• DESCRIPTION OF THE TASK:
Would you find each line in the entries below with the string "Carousel" and copy it?

(Beginning of RECORDED INFORMATION)

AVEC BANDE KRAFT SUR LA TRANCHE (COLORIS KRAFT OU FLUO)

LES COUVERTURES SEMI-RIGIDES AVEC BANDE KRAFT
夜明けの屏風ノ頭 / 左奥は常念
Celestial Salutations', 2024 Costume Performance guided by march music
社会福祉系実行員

(End of RECORDED INFORMATION)
(Beginning of RECORDED INFORMATION)

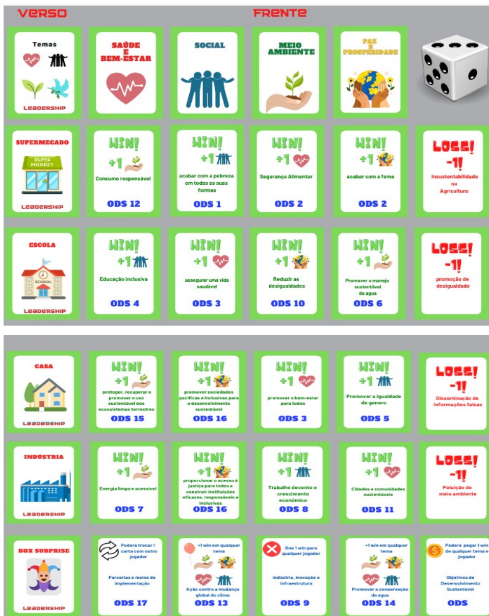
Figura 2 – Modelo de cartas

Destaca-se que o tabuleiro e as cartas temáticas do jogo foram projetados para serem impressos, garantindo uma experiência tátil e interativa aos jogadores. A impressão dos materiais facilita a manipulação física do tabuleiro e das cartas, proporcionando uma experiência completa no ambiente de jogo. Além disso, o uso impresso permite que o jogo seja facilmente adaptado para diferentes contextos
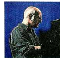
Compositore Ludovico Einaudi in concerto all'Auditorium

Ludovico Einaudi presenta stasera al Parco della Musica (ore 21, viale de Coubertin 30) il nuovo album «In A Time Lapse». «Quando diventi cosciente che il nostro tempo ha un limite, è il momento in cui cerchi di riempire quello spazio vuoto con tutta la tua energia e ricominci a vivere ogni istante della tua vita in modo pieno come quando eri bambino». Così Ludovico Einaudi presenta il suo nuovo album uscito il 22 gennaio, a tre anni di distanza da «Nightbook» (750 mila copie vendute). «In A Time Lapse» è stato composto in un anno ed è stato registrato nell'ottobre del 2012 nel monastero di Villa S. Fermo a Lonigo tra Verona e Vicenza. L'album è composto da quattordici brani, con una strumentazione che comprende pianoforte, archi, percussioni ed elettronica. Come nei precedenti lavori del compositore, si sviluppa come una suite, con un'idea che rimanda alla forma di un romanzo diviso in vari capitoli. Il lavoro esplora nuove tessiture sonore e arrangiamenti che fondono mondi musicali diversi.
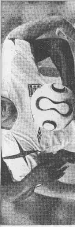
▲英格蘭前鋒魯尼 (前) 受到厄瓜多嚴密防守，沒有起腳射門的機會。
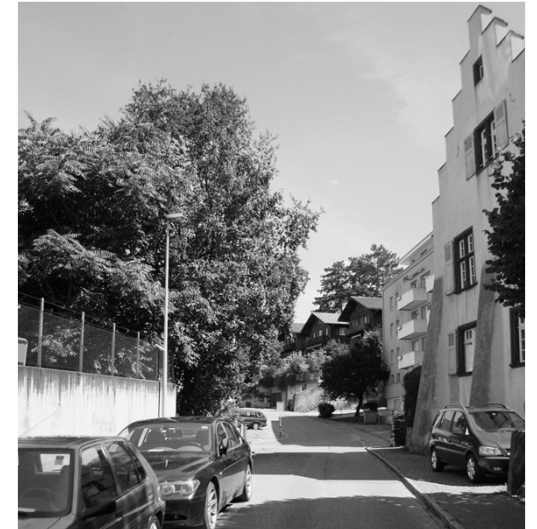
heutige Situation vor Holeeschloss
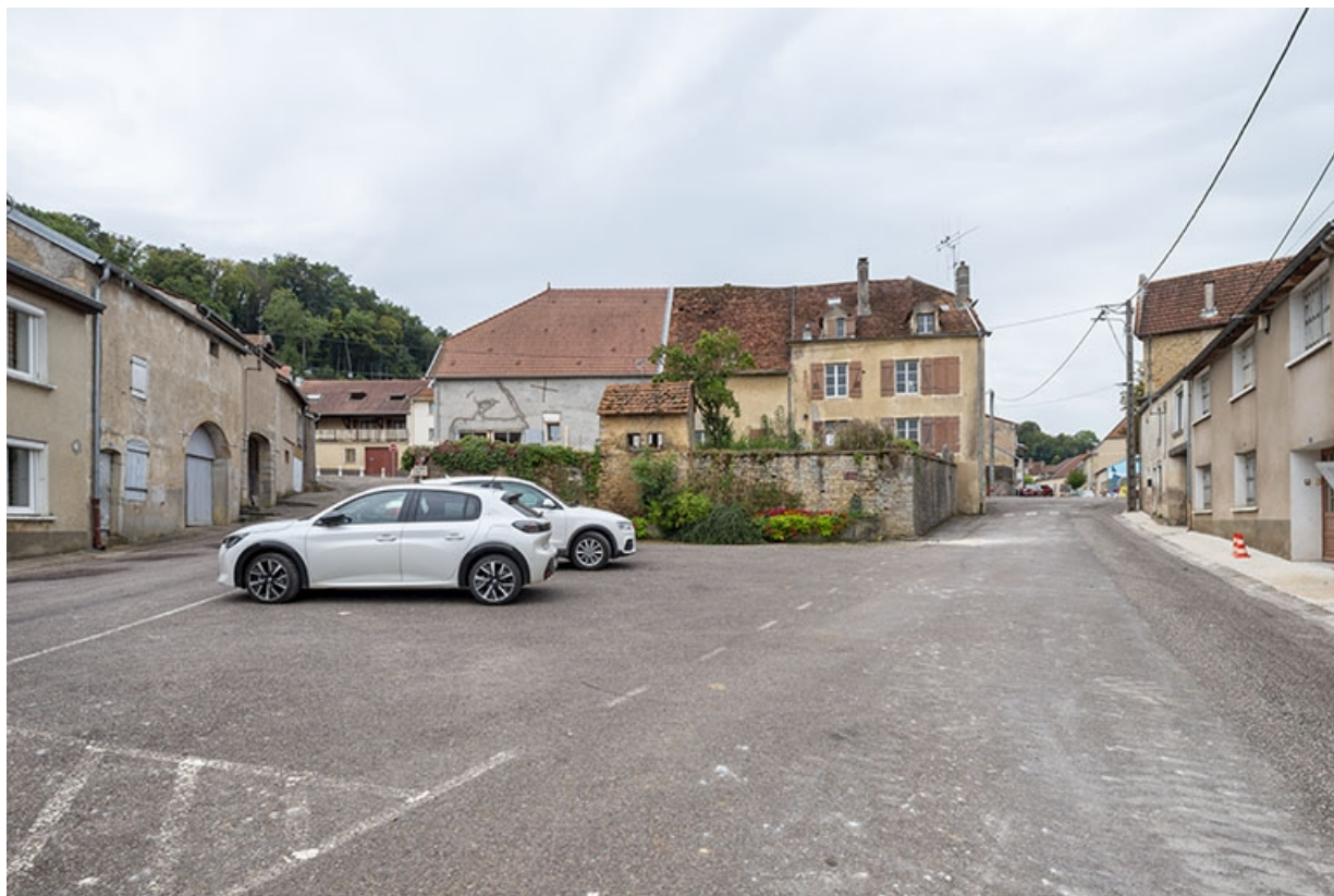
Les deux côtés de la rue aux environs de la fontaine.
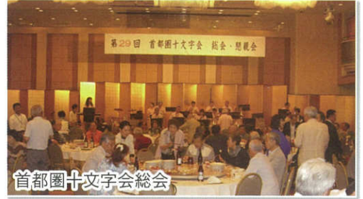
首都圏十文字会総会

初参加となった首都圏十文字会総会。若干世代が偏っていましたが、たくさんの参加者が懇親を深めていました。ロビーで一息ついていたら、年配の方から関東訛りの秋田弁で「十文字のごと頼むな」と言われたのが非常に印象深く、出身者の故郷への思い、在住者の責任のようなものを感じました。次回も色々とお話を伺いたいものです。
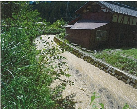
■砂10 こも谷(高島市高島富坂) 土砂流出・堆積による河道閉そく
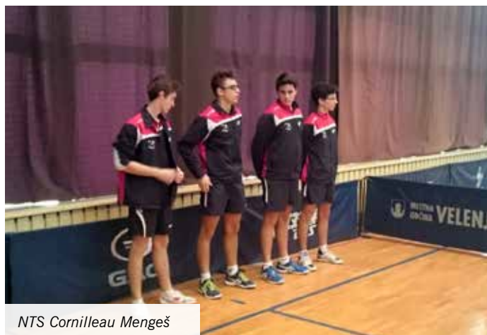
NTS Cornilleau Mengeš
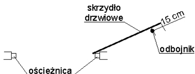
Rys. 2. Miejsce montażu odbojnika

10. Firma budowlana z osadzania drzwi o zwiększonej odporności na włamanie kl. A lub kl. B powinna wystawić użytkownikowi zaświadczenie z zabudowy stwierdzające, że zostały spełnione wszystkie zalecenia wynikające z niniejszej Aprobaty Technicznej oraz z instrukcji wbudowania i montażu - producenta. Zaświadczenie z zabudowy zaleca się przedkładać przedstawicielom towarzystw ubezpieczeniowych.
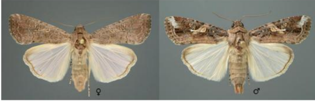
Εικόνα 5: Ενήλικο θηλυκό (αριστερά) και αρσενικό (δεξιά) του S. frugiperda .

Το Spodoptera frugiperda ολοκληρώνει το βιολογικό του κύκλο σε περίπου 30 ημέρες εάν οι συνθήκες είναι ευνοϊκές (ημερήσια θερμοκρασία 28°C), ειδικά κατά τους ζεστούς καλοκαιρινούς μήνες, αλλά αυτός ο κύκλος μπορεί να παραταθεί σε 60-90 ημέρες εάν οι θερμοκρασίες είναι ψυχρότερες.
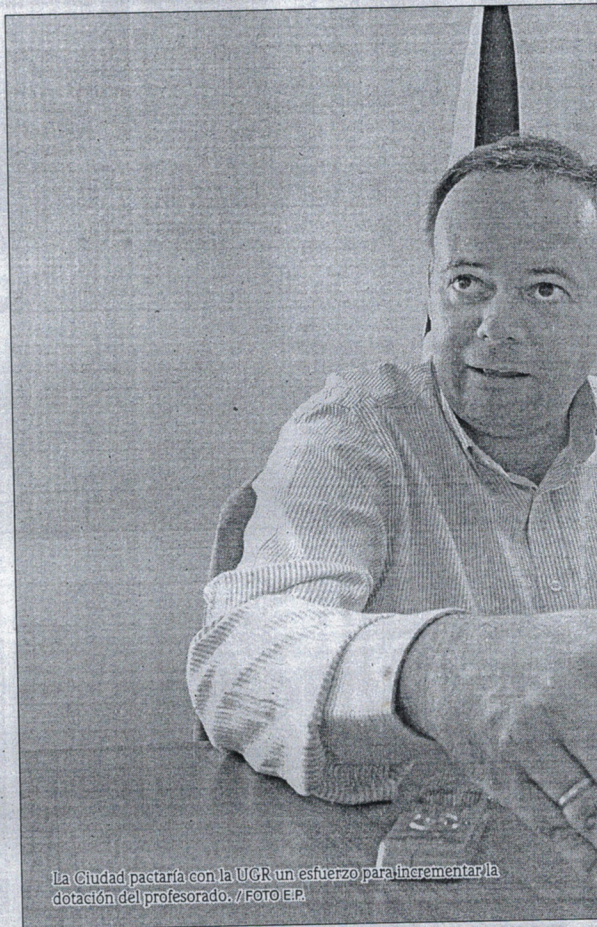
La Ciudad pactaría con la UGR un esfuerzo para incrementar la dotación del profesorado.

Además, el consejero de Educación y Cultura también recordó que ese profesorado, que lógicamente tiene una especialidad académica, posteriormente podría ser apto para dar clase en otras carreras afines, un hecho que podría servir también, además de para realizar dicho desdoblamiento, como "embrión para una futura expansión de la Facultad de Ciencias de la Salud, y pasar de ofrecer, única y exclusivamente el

(End of RECORDED INFORMATION)
(Beginning of RECORDED INFORMATION)

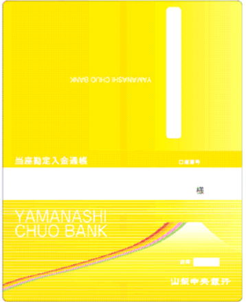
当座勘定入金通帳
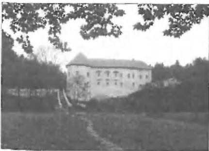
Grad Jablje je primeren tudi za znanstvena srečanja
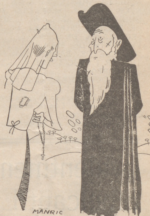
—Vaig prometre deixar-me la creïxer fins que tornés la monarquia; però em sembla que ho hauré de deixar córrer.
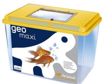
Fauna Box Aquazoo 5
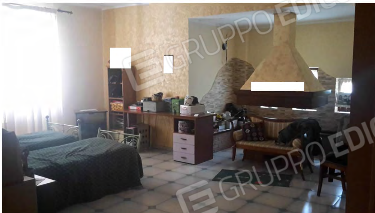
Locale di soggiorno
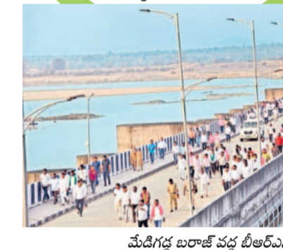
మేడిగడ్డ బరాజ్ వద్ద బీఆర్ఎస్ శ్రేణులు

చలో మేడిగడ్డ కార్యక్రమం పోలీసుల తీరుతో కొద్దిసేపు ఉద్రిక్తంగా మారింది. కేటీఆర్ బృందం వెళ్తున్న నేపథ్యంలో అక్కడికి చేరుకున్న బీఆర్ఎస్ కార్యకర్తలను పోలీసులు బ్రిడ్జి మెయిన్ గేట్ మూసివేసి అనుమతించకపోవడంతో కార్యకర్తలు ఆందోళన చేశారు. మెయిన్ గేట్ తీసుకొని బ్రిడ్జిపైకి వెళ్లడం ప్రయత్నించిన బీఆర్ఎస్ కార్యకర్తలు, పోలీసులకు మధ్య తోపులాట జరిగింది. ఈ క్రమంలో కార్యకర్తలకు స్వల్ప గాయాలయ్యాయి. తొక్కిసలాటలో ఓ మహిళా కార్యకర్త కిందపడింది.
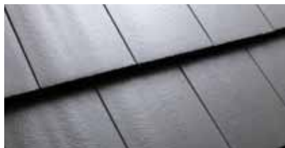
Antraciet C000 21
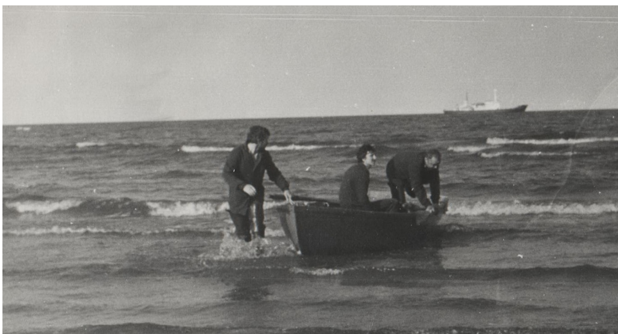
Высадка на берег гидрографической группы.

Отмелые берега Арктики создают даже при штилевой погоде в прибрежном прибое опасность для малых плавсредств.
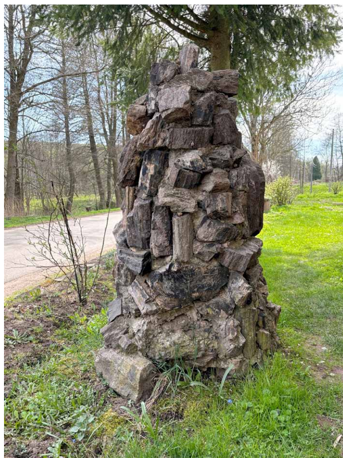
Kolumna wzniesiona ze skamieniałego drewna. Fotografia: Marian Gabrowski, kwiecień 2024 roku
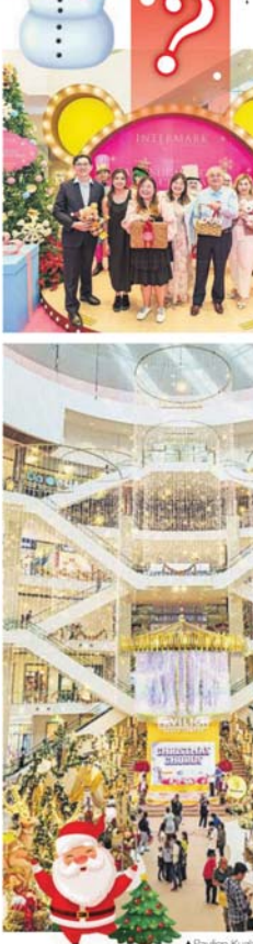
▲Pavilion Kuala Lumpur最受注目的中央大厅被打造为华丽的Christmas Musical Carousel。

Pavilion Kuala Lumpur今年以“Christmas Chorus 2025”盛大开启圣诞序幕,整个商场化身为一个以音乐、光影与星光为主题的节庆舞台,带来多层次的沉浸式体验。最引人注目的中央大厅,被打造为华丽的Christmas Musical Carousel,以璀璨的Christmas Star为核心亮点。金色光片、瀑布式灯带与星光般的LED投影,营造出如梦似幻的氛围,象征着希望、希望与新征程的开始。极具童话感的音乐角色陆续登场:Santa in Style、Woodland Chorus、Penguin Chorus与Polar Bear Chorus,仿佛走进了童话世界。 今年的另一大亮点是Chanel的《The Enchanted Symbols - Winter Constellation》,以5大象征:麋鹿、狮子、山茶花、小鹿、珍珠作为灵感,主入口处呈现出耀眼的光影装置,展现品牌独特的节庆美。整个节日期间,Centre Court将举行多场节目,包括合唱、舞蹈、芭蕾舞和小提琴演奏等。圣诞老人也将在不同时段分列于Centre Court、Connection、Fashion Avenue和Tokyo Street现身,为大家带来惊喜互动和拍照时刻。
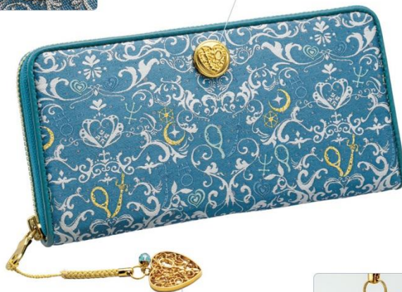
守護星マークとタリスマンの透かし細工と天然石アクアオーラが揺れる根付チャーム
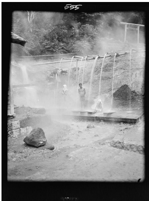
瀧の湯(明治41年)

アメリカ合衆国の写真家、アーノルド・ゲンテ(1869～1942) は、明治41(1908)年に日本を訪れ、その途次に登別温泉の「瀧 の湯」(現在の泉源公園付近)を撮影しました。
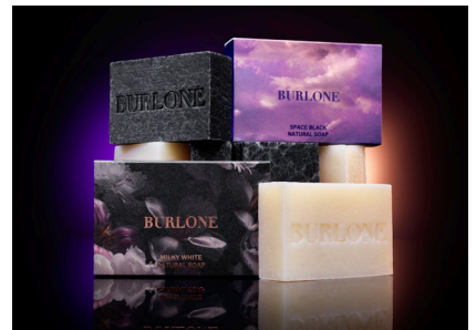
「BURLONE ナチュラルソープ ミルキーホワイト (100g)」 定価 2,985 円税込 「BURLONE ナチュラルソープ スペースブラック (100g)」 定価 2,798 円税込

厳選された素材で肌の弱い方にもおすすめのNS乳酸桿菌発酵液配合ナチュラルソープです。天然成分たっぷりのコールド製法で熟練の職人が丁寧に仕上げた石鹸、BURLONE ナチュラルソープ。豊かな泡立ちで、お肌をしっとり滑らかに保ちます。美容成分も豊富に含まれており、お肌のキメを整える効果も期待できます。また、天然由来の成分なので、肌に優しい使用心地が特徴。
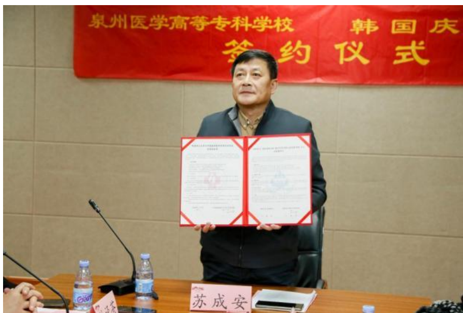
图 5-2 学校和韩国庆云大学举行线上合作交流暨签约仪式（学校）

(End of RECORDED INFORMATION)

• ANSWER SECTION:
▲Pavilion Kuala Lumpur最受注目的中央大厅被打造为华丽的Christmas Musical Carousel。
Pavilion Kuala Lumpur今年以“Christmas Chorus 2025”盛大开启圣诞序幕,整个商场化身为一个以音乐、光影与星光为主题的节庆舞台,带来多层次的沉浸式体验。最引人注目的中央大厅,被打造为华丽的Christmas Musical Carousel,以璀璨的Christmas Star为核心亮点。金色光片、瀑布式灯带与星光般的LED投影,营造出如梦似幻的氛围,象征着希望、希望与新征程的开始。极具童话感的音乐角色陆续登场:Santa in Style、Woodland Chorus、Penguin Chorus与Polar Bear Chorus,仿佛走进了童话世界。 今年的另一大亮点是Chanel的《The Enchanted Symbols - Winter Constellation》,以5大象征:麋鹿、狮子、山茶花、小鹿、珍珠作为灵感,主入口处呈现出耀眼的光影装置,展现品牌独特的节庆美。整个节日期间,Centre Court将举行多场节目,包括合唱、舞蹈、芭蕾舞和小提琴演奏等。圣诞老人也将在不同时段分列于Centre Court、Connection、Fashion Avenue和Tokyo Street现身,为大家带来惊喜互动和拍照时刻。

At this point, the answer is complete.